**TASK BRIEF**:
Your copy should hold the lines below from the first through the one that contains "ワシントン・ナショナルズ ファナティクス オーセンティック", each retyped exactly, and no pictures.
BEGIN INFORMATION PROVIDED
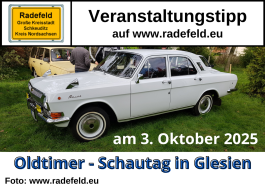 Alle Oldtimerbesitzer und -besitzerinnen und natürlich all jene, die sich für alte Fahrzeuge interessieren, sind recht herzlich zum jährlichen Oldtimer-Schautag in Glesien eingeladen.
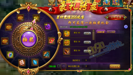 活动规则:活动期间内,玩家每累计充值200元宝,即可获得一次抽奖机会,抽奖可获得珍贵道具和积分,积分可额外兑换稀有道具。
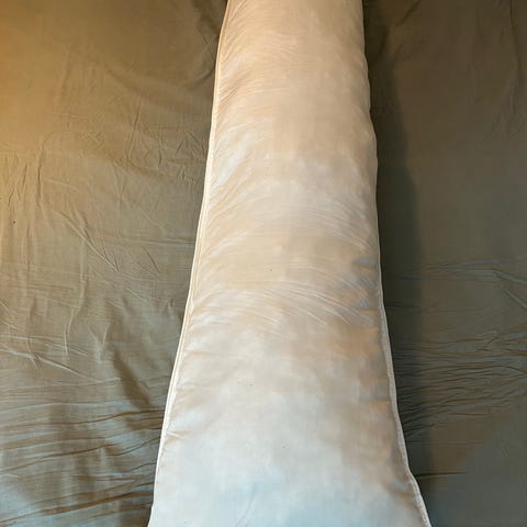 Iso raskaus/imetystyyny Momcozylta. Mitat noin 125cm x 35cm. Päällisen pinta hieman pesussa nyppyyntynyt, muuten tyyny on hyvässä kunnossa.
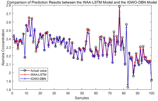 Comparison of prediction results between the WAA-LSTM model and the IGWO-DBN model.
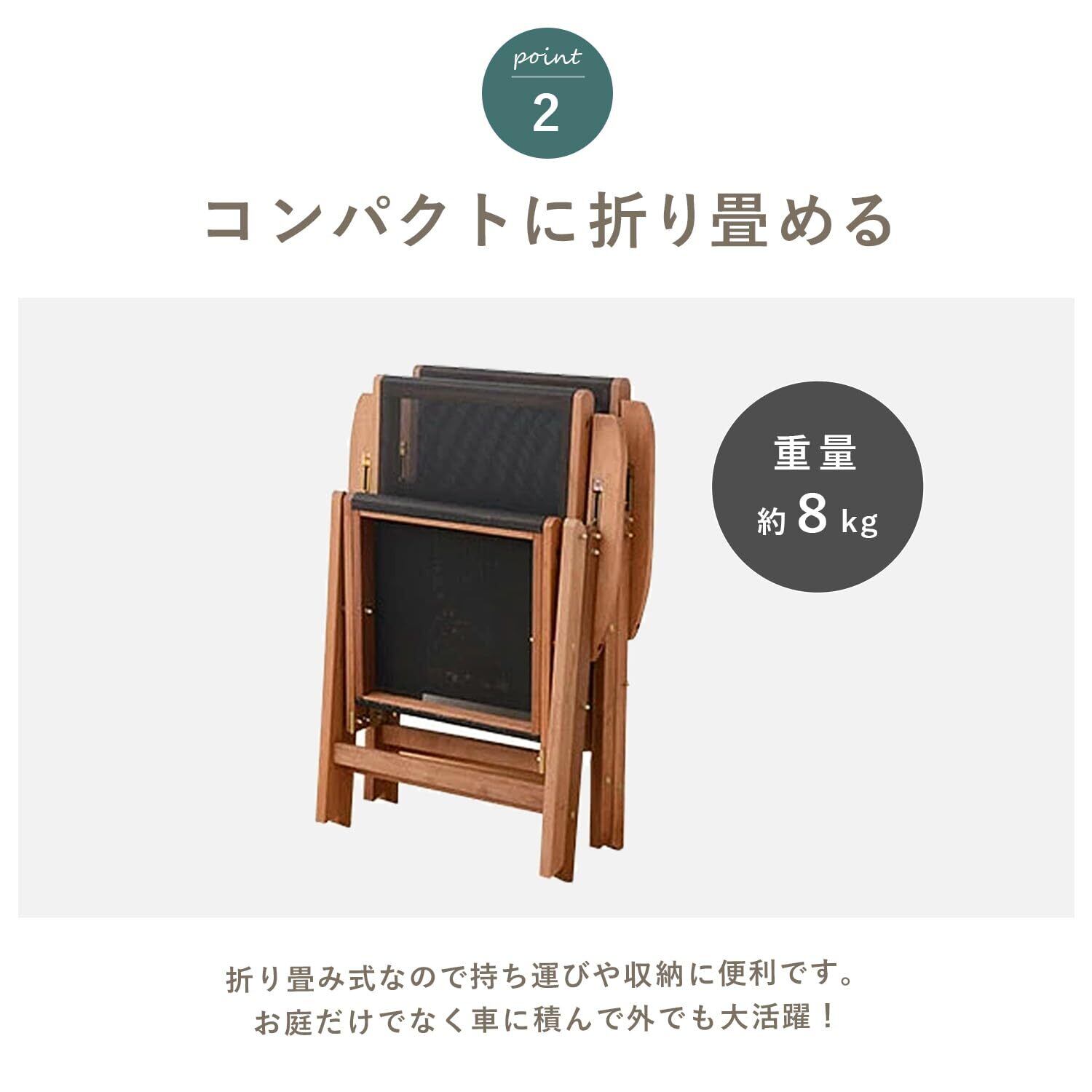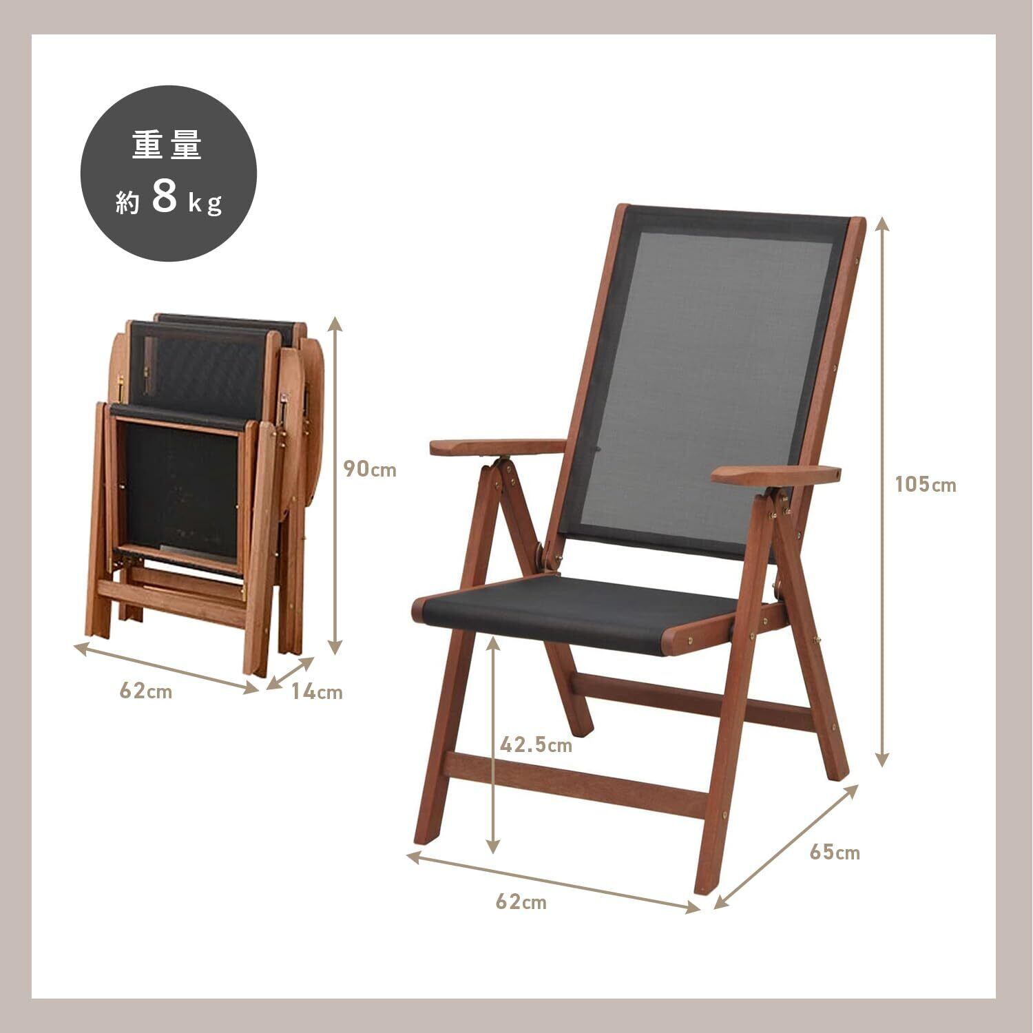 ガーデンマスター(Gardenmaster) 折りたたみガーデンチェア 幅62×奥行65×高さ105cm フォールディングチェア 木製 リクライニング7段階 メッシュ仕様 お庭 ベランダ テラス バルコニー MFC-259D(BK) ブラック
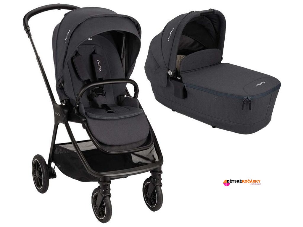 Set obsahuje: sportovní kočárek NUNA TRIV™ Next + Merino vložka + adaptéry pro autosedačku + bezpečnostní madlo + pláštěnku + hlubokou korbu NUNA LYTL™
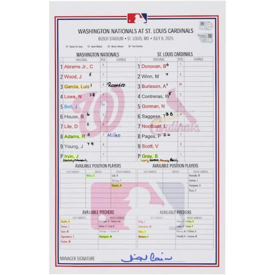 ワシントン・ナショナルズ ファナティクス オーセンティック 実際の試合で使用された ラインアップ カード vs. セントルイス・カージナルス オン July 8, 2025は、メジャーリーグ公認のMLBグッズです。
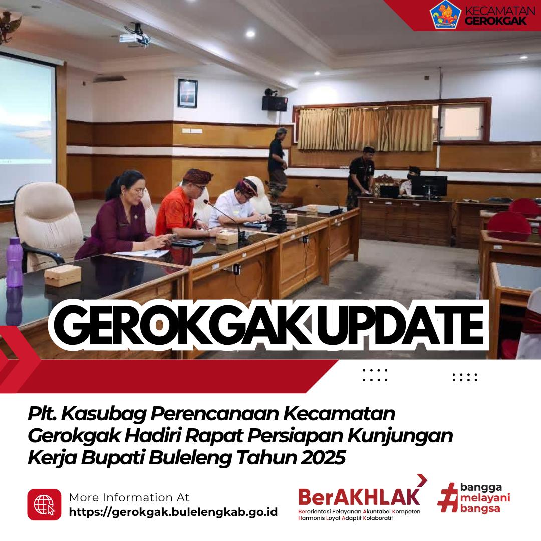 Singaraja, 30 Oktober 2025 — Plt. Kasubag Perencanaan Kecamatan Gerokgak Ketut Krisna Prasetya, S.Tr.IP. menghadiri rapat koordinasi persiapan Kunjungan Kerja (Kunker) Bupati Buleleng Tahun 2025, yang bertempat di Ruang Rapat Unit IV Kantor Bupati Buleleng, pada Kamis (30/10).
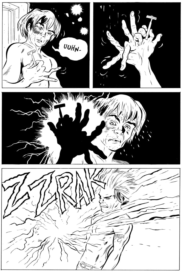 Pour se refaire la santé, il entre dans un bar, y consomme un cocktail et fume un cigare. Alors qu’il choisit une musique dans le juke-box, il est surpris par un homme à l’allure étrange qui lui tire dessus. S’ensuit une course-poursuite sur les toits de la ville. Il ne sait rien de ce type : ni son nom, ni pour qui il travaille. Son seul indice : une puce glissée sous la peau de son avant-bras. Il récupère alors ces deux propulseurs, le Picasso sur le dos et s’enfuit. Il trouve alors refuge chez Annie, son amie…
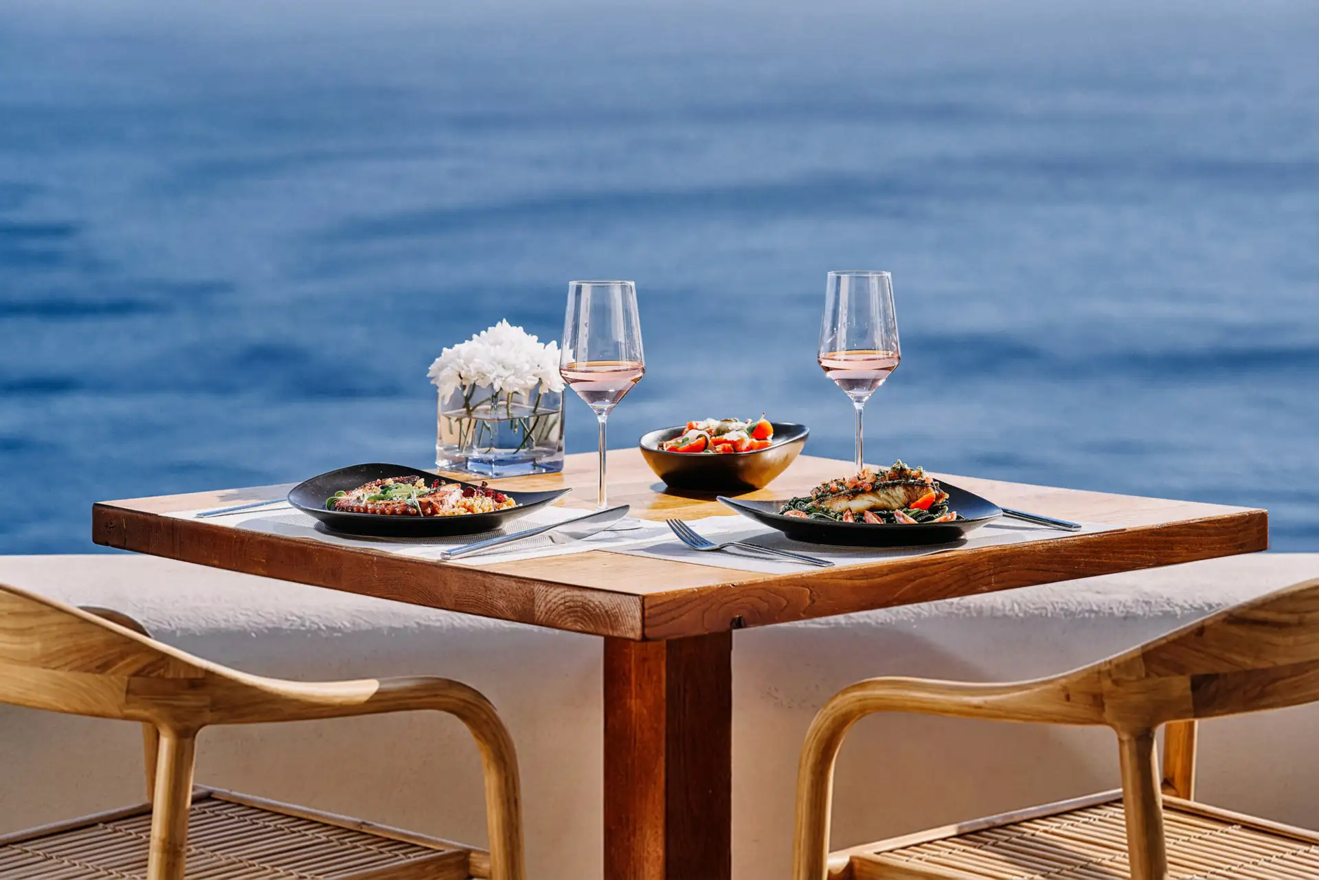 Charisma operates as a casual chic restaurant within Mystique, Oia. Positioned as a complementary culinary environment to the hotel’s broader hospitality offering, the restaurant balances approachable dining with refined execution.
END INFORMATION PROVIDED
**RESULT**:
 Alle Oldtimerbesitzer und -besitzerinnen und natürlich all jene, die sich für alte Fahrzeuge interessieren, sind recht herzlich zum jährlichen Oldtimer-Schautag in Glesien eingeladen.
 活动规则:活动期间内,玩家每累计充值200元宝,即可获得一次抽奖机会,抽奖可获得珍贵道具和积分,积分可额外兑换稀有道具。
 Iso raskaus/imetystyyny Momcozylta. Mitat noin 125cm x 35cm. Päällisen pinta hieman pesussa nyppyyntynyt, muuten tyyny on hyvässä kunnossa.
 Comparison of prediction results between the WAA-LSTM model and the IGWO-DBN model.
 ガーデンマスター(Gardenmaster) 折りたたみガーデンチェア 幅62×奥行65×高さ105cm フォールディングチェア 木製 リクライニング7段階 メッシュ仕様 お庭 ベランダ テラス バルコニー MFC-259D(BK) ブラック
 Set obsahuje: sportovní kočárek NUNA TRIV™ Next + Merino vložka + adaptéry pro autosedačku + bezpečnostní madlo + pláštěnku + hlubokou korbu NUNA LYTL™
 ワシントン・ナショナルズ ファナティクス オーセンティック 実際の試合で使用された ラインアップ カード vs. セントルイス・カージナルス オン July 8, 2025は、メジャーリーグ公認のMLBグッズです。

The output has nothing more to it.